Non-fungible Assets

What Are Non-fungible Assets?

Fungibility refers to the interchangeability of assets, whether they can be exchanged on a one-to-one basis because they have the same value and properties.

Non-fungible assets (NFAs) are unique and cannot be exchanged like-for-like.

Their Unique Value

In the context of the crypto space, the term “non-fungible” is commonly associated with non-fungible tokens (NFTs).

NFTs represent a specific type of non-fungible asset.

Unlike other tokens, where the term “token” refers to the digital asset or contract, in the case of NFTs, “token” refers to the indivisible digital item itself.

Diverse Applications

NFTs are distinct and unique digital assets representing a wide range of items, such as digital art, collectibles, virtual real estate, or in-game items.

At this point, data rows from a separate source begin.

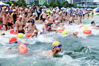 9日上午,在威海市国际海水浴场,2014年威海市公开水域游泳比赛暨“横渡刘公岛海湾全国游泳邀请赛”选拔赛开赛。全市的146名选手参赛,年龄最大的72岁,年龄最小的10岁。此次比赛全程约3000米。经过激烈角逐,45岁的刘洪泉第一个游到终点,用时32分50秒。今年威海有50余人可以参加邀请赛。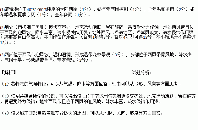 (1)试推测蒙特港的气候特征。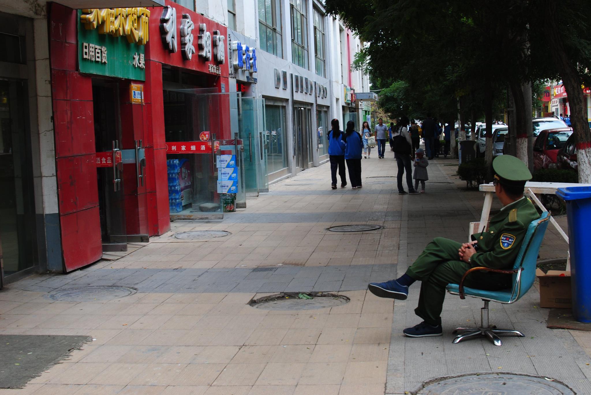 Farther down the road, the cracks grow deeper, and the lines more faded, until suddenly, they stop. Out of nowhere pops an abandoned town, complete with broken glass, shattered windows, and carnival lights long since burnt out. The streets are filled with garbage, and the buildings look burnt out. A few men pray in the street for lack of a mosque, and there is a broken radiator perched on the sidewalk. Off to the side, there’s something that looks like a government building, because why else would two armed soldiers nap in the sunlight in front of it? Welcome to the China behind the gate.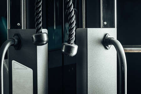 Close up view of a handle of a hand pull machine in a modern fitness center. Gym equipment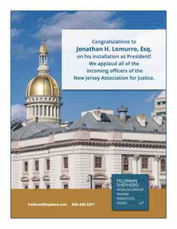Congratulations to Jonathan H. Lomurro, Esq. on his installation as President! We applaud all of the incoming officers of the New Jersey Association for Justice. FeldmanShepherd.com 856.444.5291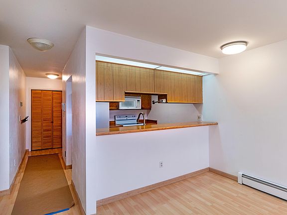 Clean, with laminate floors throughout, fresh paint, windows new in 2015, re-bath in 2013.Very nice unit with its own washer and dryer.Separate storage right outside door to unit. Security building. Dues include all heat, hot water and cable. Guest parking plus specified carport.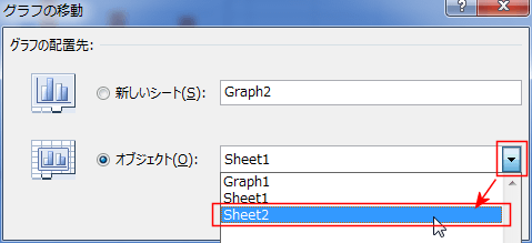 - 「オブジェクト」を選択すると、既存のシートへ移動することができます。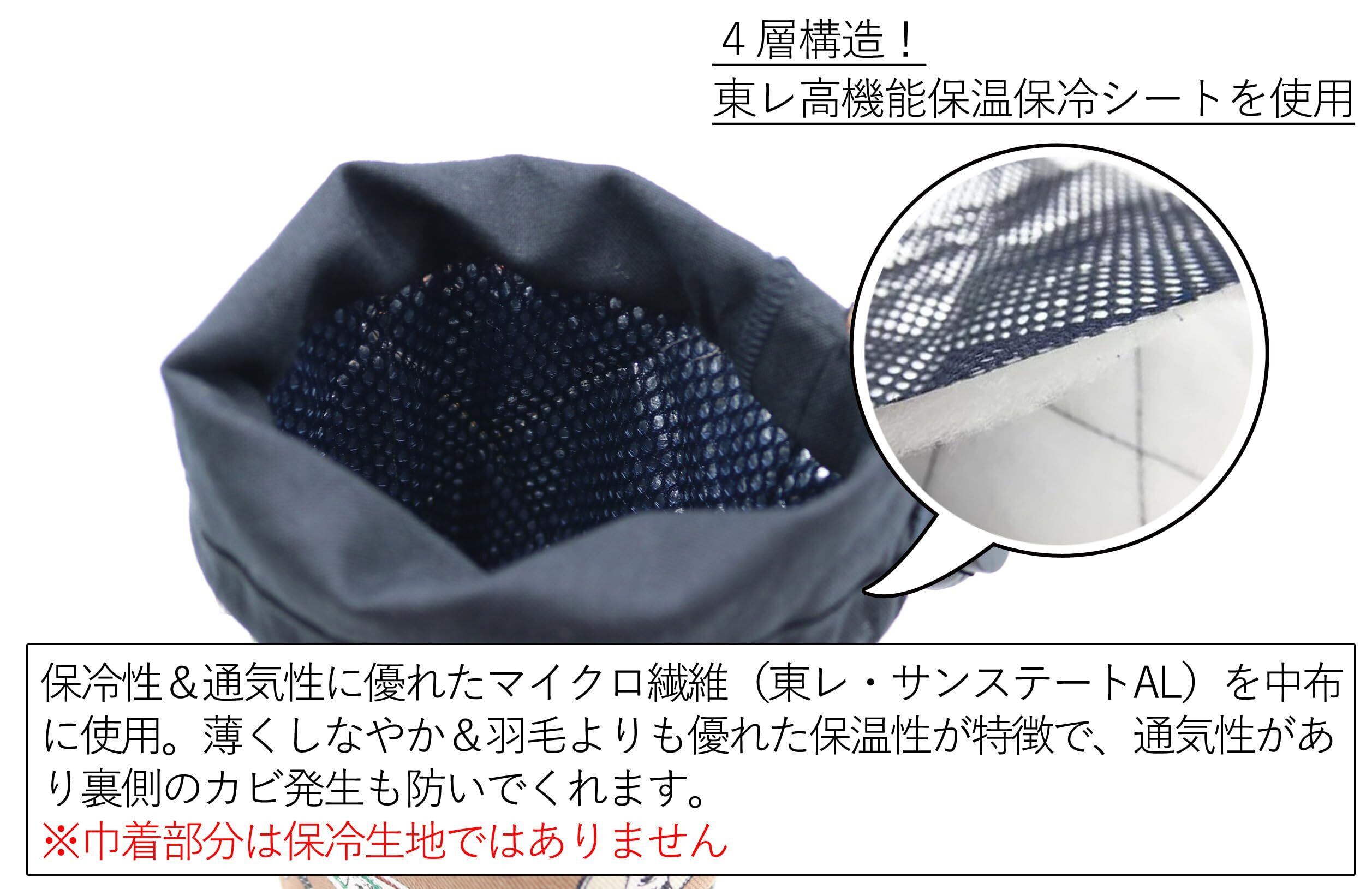 一般的な保冷保温シートとは違い、裏にカビが生えたりはがれてくることがなく布のような柔らかさがあります。冷たいものを入れても結露しにくい素材です。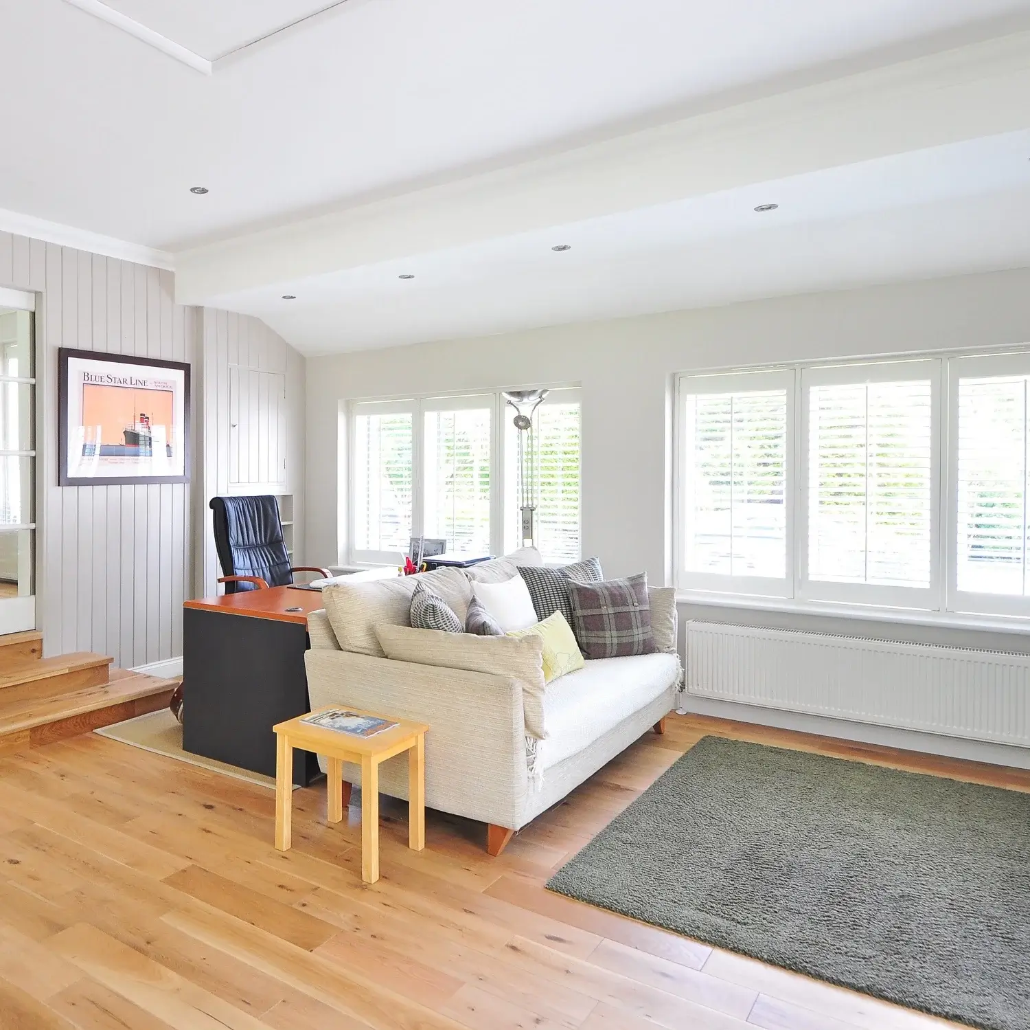 - Decoración: Agrega elementos decorativos como alfombras, cojines, cortinas y cuadros que reflejen tu personalidad y estilo. Los detalles hacen la diferencia en la decoración de una sala de estar.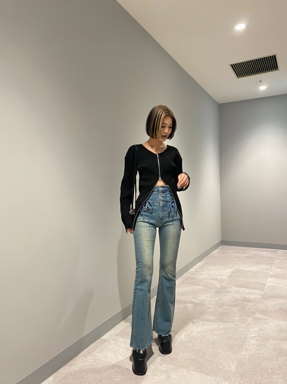 藤川陽(EMODA)のデニムパンツ「Wレースアップハイウエストフレアパギンス」を使ったコーディネート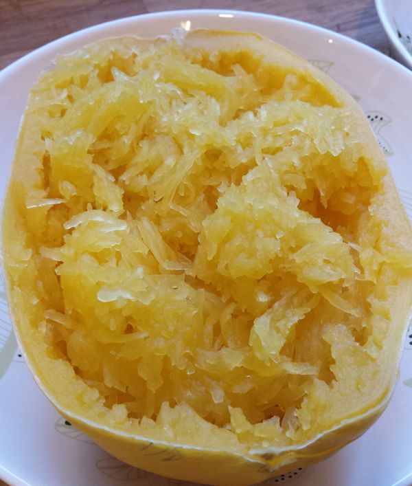 Pancetta, Spinach and White Wine Garlic Alfredo over Spaghetti Squash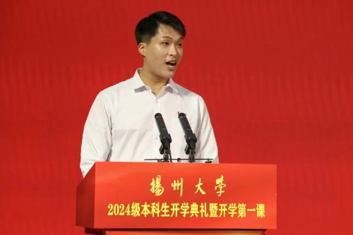 校党委书记焦新安以《高擎精神旗帜 赓续百廿荣光 努力做有志、有识、有为的新时代扬大好青年》为题,从大力弘扬爱国主义精神、坚苦自立精神和改革创新精神三个维度,为新生们讲授了精彩的“开学第一课”。焦新安说,扬州自古以来就是适宜生活学习的“好地方”,学校可以为大家求学问道、创新创行、筑梦逐梦提供强劲的支撑。他希望,广大新生弘扬爱国主义精神,在“小我融入大我”的生动实践中擦亮青春底色;弘扬坚苦自立精神,在“理论联系实际”的学习实践中提高青春成色;弘扬改革创新精神,在“创新点亮梦想”的探索实践中凸显青春亮色,从“好地方”出发,向好未来而行,努力成为有志有识有为的新时代扬大好青年。

Each NFT has its unique characteristics, metadata, and ownership record stored on a blockchain.

This uniqueness sets NFTs apart from fungible tokens like cryptocurrencies, which are interchangeable.

Non-fungible assets differ from NFTs in a couple of important ways:

  1. Only a single entity, besides the issuer, is allowed to hold units of the asset. This means that the ownership of the NFA is exclusive to one authorized entity.
  2. The identity of the entity associated with the asset cannot be changed. There is an unbreakable bond between the asset and the entity for which it has been issued.

NFAs have various applications and can offer unique advantages in specific business scenarios.

For example, NFAs can issue storage certificates securely, preventing manipulation or tampering.

They can also serve as accounting tokens or enable correspondence banking on a blockchain, ensuring safe and compliant value transfers between customer accounts.